The exact chain of events then gets murky, as it wasn’t the only thing I was working on, and I wasn’t writing things down. I tried a number of things. I installed new plugs, though the ones in the car were recent and showed no signs of fouling. I put the old vacuum-retard distributor back in. I changed plug wires. I swapped in a different coil. I re-checked timing and dwell. I don’t recall exactly what it was that got the car running. It may have thrown the “for consistency I’ll blip the throttle exactly once when I start it” out the window and instead held the throttle wide open while starting the car.

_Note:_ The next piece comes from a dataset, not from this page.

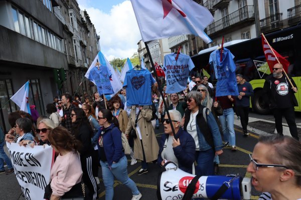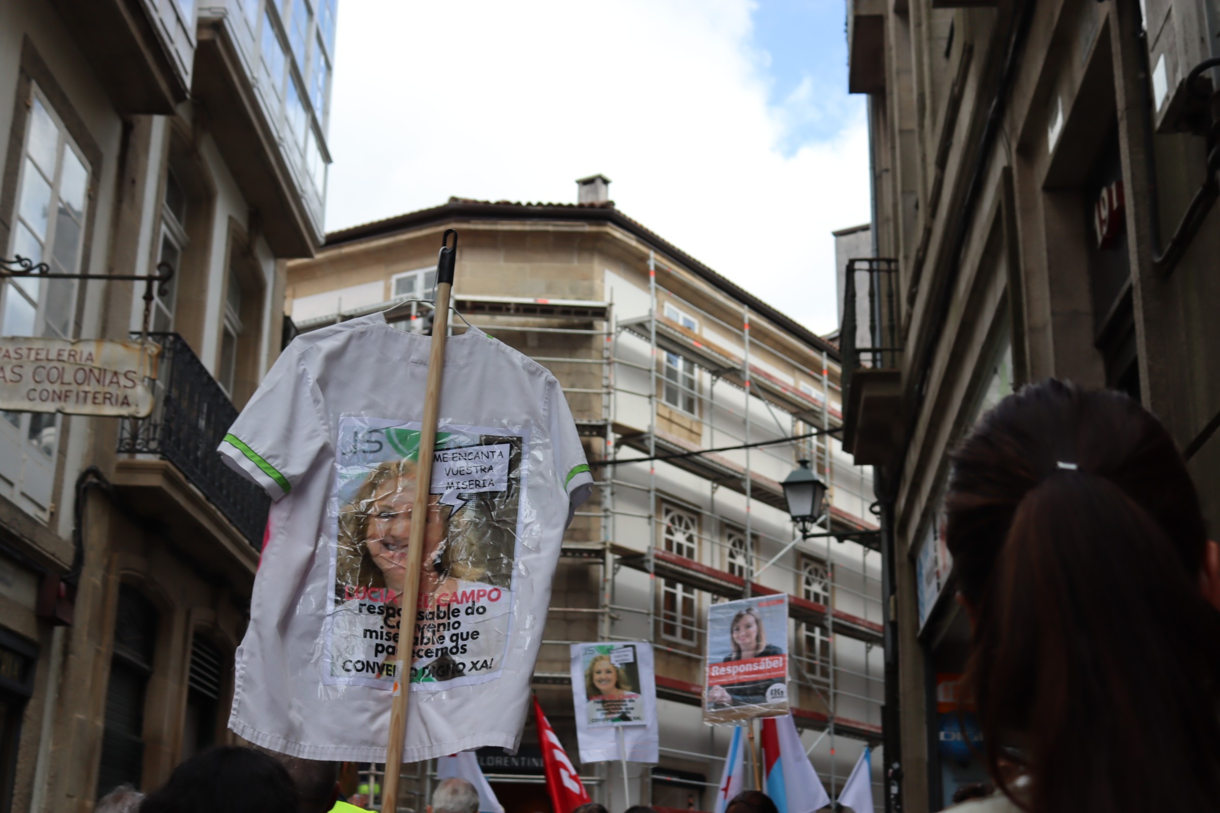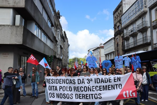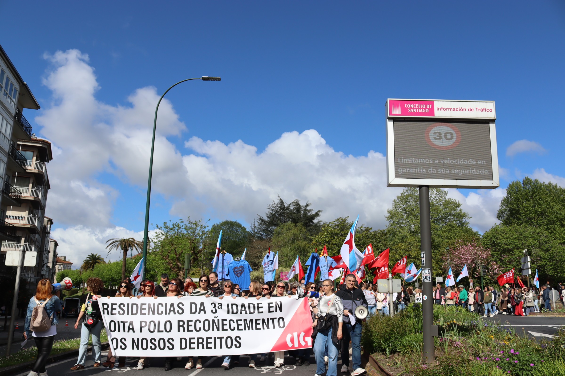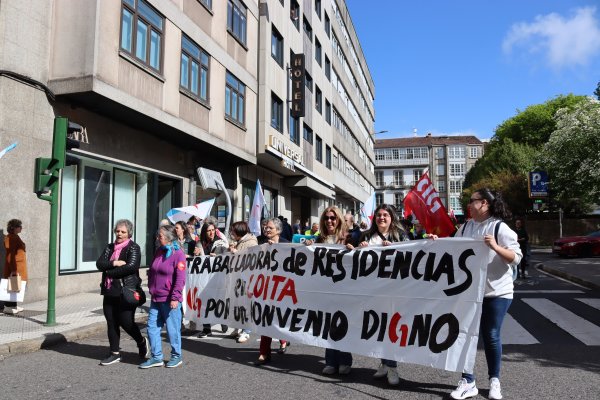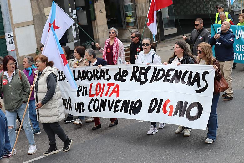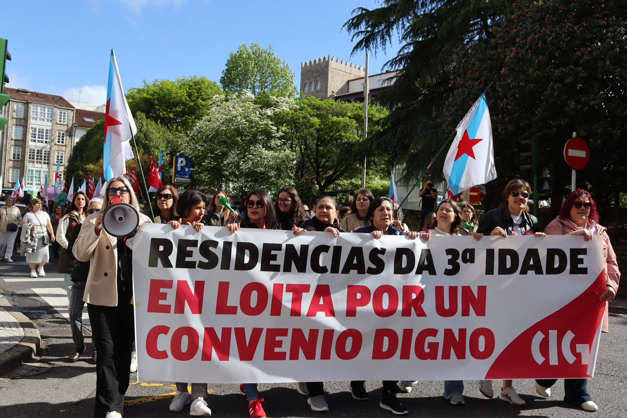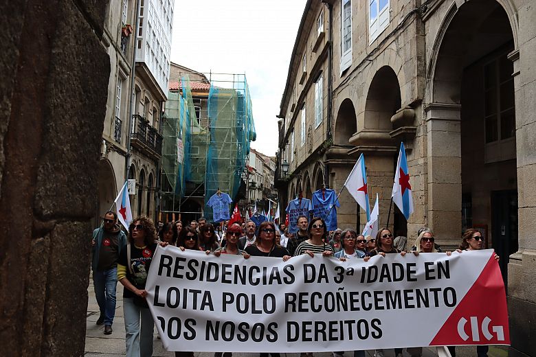 Traballadoras de residencias privadas de maiores e do Servizo de Axuda no Fogar (SAF) percorreron esta mañá as rúas de Compostela nunha manifestación convocada pola CIG-Servizos para esixir un convenio colectivo que dignifique as súas condicións laborais e garanta unha atención de calidade ás persoas dependentes. A protesta, que partiu ás 11:00 horas desde a Alameda e rematou na Praza de Praterías, congregou a traballadoras de toda Galiza, que denunciaron a precariedade laboral, os baixos salarios e a falta de compromiso tanto da patronal como da Xunta de Galicia.

Since replacing the genuine Weber with the Chinese clone had not solved the car’s starting problems, and since the clone performed demonstrably worse on mashed-throttle acceleration, I re-installed the Spanish Weber. As someone had hypothesized in a comment on my last post, when I pulled off the clone, I found a non-trivial pool of gas sitting in the intake manifold. I guess it’s possible that, and the flooded engine it implies, came from a series of single-pump starts followed by moving the car in the driveway instead of driving it far enough to use the gas. Since then, the genuine Weber has generally started easily, and has the solid advantage that its performance when burying the throttle is clearly crisper than its Asian progeny.

And… the 33-year-old genuine Spanish-made Weber is back.

So, I’d dug down to the bottom of the pile of sand, and there was no ant.

The Chinese-made $115 “Nenkuten”-branded Weber now sits in its box on my shelf. I don’t regret buying it. It was a good experiment. If I buy a dead 2002 with a two-barrel carb that either had been left open to the elements or that the gas inside had turned to melted Gummi Bears, I’d drop it on without hesitation.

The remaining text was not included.